→ **Assignment**: Set down, character for character, everything in the records below from the line holding "Wielofunkcyjność i wszechstronność" down to the line holding "La cochenille noire", and no other line.

::::::

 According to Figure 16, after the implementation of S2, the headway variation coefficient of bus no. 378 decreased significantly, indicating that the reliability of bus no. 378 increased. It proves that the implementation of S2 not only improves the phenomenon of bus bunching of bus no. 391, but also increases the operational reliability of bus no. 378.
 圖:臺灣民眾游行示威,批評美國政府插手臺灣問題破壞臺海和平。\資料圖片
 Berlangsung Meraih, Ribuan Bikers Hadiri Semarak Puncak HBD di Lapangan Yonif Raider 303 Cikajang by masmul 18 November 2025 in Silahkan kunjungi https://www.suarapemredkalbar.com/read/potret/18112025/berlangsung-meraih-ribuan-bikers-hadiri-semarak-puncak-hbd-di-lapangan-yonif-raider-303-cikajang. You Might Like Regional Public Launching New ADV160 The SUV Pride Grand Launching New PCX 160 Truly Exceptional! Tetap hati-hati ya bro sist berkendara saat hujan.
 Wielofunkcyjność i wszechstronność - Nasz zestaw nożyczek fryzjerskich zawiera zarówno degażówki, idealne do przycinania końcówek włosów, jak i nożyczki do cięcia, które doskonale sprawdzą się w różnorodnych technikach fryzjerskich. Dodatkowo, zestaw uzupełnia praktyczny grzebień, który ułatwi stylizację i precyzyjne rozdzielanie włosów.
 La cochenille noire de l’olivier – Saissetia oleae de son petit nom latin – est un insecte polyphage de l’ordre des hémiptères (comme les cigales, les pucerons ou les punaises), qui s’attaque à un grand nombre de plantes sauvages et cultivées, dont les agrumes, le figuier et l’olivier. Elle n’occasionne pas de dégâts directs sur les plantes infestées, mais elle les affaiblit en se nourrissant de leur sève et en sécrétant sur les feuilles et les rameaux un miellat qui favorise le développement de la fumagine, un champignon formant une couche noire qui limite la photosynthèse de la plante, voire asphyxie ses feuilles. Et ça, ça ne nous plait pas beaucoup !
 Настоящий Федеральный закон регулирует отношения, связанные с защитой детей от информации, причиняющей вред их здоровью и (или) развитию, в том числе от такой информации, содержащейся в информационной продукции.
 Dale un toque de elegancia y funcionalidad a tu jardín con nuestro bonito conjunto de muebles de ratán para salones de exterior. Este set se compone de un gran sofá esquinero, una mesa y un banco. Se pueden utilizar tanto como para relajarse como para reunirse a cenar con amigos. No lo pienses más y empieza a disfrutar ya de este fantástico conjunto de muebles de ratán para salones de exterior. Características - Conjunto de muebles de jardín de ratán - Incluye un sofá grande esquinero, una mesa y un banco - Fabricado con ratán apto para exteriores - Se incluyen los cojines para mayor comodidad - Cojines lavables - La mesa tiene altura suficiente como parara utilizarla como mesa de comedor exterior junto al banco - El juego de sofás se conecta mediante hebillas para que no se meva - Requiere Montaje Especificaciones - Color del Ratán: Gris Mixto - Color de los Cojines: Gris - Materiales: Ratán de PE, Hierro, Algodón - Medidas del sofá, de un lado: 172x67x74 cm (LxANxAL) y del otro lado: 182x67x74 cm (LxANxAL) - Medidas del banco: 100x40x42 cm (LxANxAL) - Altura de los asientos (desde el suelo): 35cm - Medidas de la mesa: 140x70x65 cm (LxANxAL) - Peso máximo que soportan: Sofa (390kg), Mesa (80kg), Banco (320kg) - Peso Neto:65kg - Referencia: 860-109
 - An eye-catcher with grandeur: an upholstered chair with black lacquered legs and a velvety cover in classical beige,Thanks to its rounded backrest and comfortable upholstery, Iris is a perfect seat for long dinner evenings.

::::::

→ **Answer for this exercise**:
 Wielofunkcyjność i wszechstronność - Nasz zestaw nożyczek fryzjerskich zawiera zarówno degażówki, idealne do przycinania końcówek włosów, jak i nożyczki do cięcia, które doskonale sprawdzą się w różnorodnych technikach fryzjerskich. Dodatkowo, zestaw uzupełnia praktyczny grzebień, który ułatwi stylizację i precyzyjne rozdzielanie włosów.
 La cochenille noire de l’olivier – Saissetia oleae de son petit nom latin – est un insecte polyphage de l’ordre des hémiptères (comme les cigales, les pucerons ou les punaises), qui s’attaque à un grand nombre de plantes sauvages et cultivées, dont les agrumes, le figuier et l’olivier. Elle n’occasionne pas de dégâts directs sur les plantes infestées, mais elle les affaiblit en se nourrissant de leur sève et en sécrétant sur les feuilles et les rameaux un miellat qui favorise le développement de la fumagine, un champignon formant une couche noire qui limite la photosynthèse de la plante, voire asphyxie ses feuilles. Et ça, ça ne nous plait pas beaucoup !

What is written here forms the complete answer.